Reynolds’s voice dropped a little. “I keep thinking about the day it happened. Feels like everything split in two right there.”
Mac watched him. “That part fades. What stays is what you build after.”
Reynolds nodded, absorbing it. “Council told me bites used to be more common.”
Mac gave a small nod. “They were.”
Melvin added, “Too many went wrong.”
Reynolds looked between them. “Still feels strange being the only one I know who didn’t start this way.”
Mac shook his head. “You won’t be.”
He nodded slightly toward the rest of the facility. “Half the people training here came in the same way. You just haven’t met them yet.”
Melvin nodded. “Talk to them when you get the chance. You’ll learn more from that than any briefing.”
Reynolds sat with it a moment. “Didn’t realize there were that many.”
Mac rested his forearms on the table. “There are a little over eight billion people in the world. That number includes all of us. Humans just assume it only means them.”
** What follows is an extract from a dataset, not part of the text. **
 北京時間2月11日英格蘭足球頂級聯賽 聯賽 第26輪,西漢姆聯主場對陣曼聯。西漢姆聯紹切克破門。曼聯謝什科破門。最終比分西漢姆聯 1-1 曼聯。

Reynolds frowned. “All of us?”
Melvin nodded. “Shifters. Vampires. Witches. Druids. Fae lines. Born and made alike. Merfolk too.”
He paused. “Some things that don’t come from here at all.”
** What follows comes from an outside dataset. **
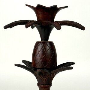 Enhance your decor with this elegant set of two brown metal pineapple candle stick holders, crafted in India. Perfect for adding a touch of exotic charm to any room.
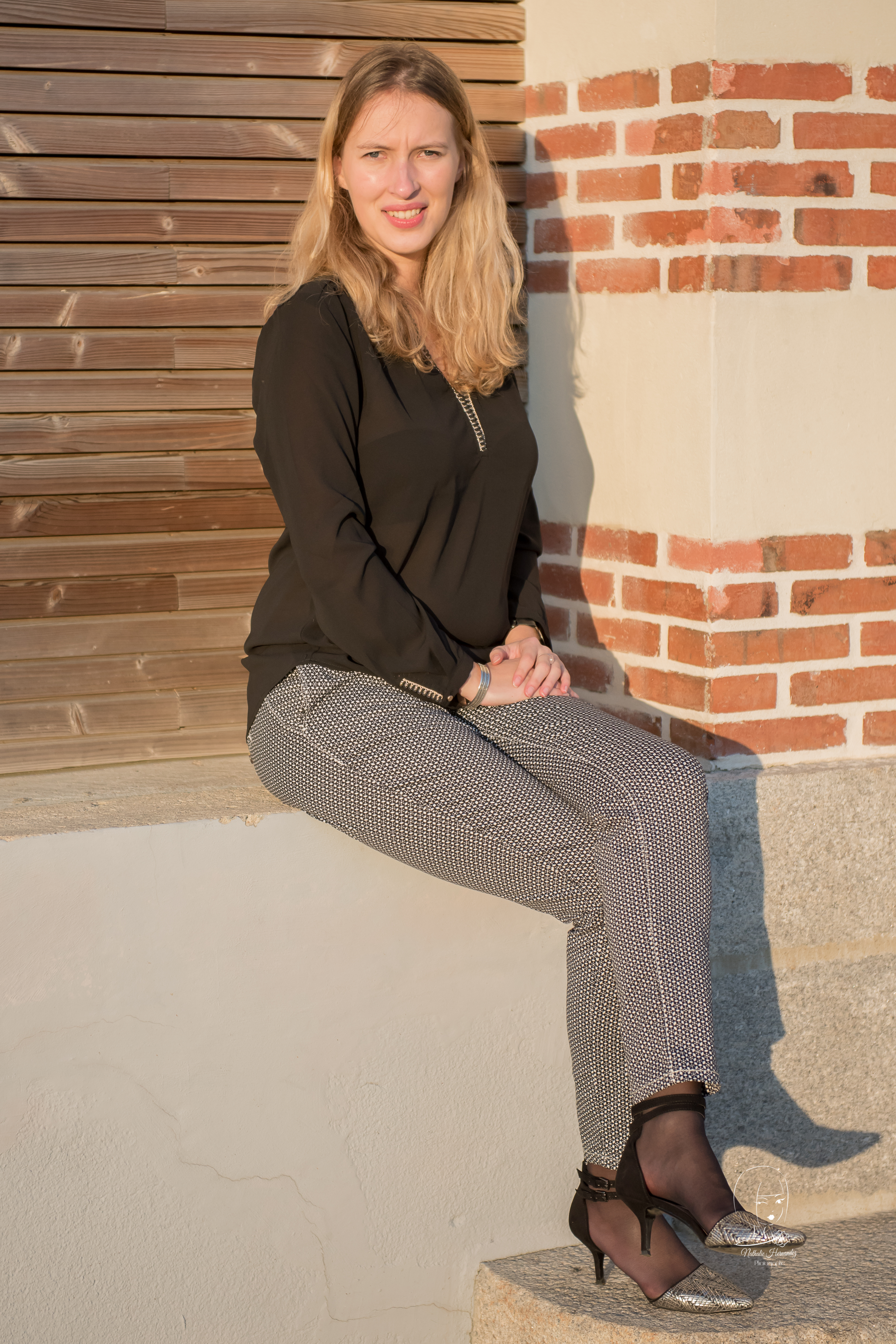 Pour ce dernier look, je vous montre une pièce pour laquelle je de suite craqué, le pantalon imprimé. Pas forcément simple à porter, pourtant je l’adore. Je me sens chic et en même temps très féminine même s’il s’agit d’un pantalon. accessoirise avec un chemisier Garance Paris également trouvé chez Dé-K-Lé, la doudoune vient de chez Captain Tortue, et les escarpins viennent de chez Zara.

Reynolds blinked. “What do you mean, not from here?”
Mac answered, quiet and blunt. “Other realms.”
Uncertainty flickered across Reynolds’ face. Melvin leaned forward a little.
“Mostly the Twilight Realm,” he said. “Different lines of elves, shadow-born things, travelers who cross over and stay. Some move back and forth. Some don’t.”
He took another sip of coffee, choosing words that didn’t make it sound stranger than it already was.
“That’s the one people run into the most, but it isn’t the only one. There are crossings tied to older places too. Asgard lines. Alfheim lines. Some of those families have been here so long they pass for native.”
Reynolds stared. “Asgard. Like the stories?”
Melvin gave a small shrug. “Stories come from somewhere.”
Mac nodded once. “Most of what people call mythology is just history that stopped being understood.”
Reynolds leaned back, resetting his sense of what counted as possible. “So elves are real.”
“Not the storybook kind,” Melvin said.
Mac added, “And not something you want to assume you understand.”
Reynolds exhaled. “So how many?”
Mac answered without hesitation. “Council estimates run about one in a hundred worldwide.”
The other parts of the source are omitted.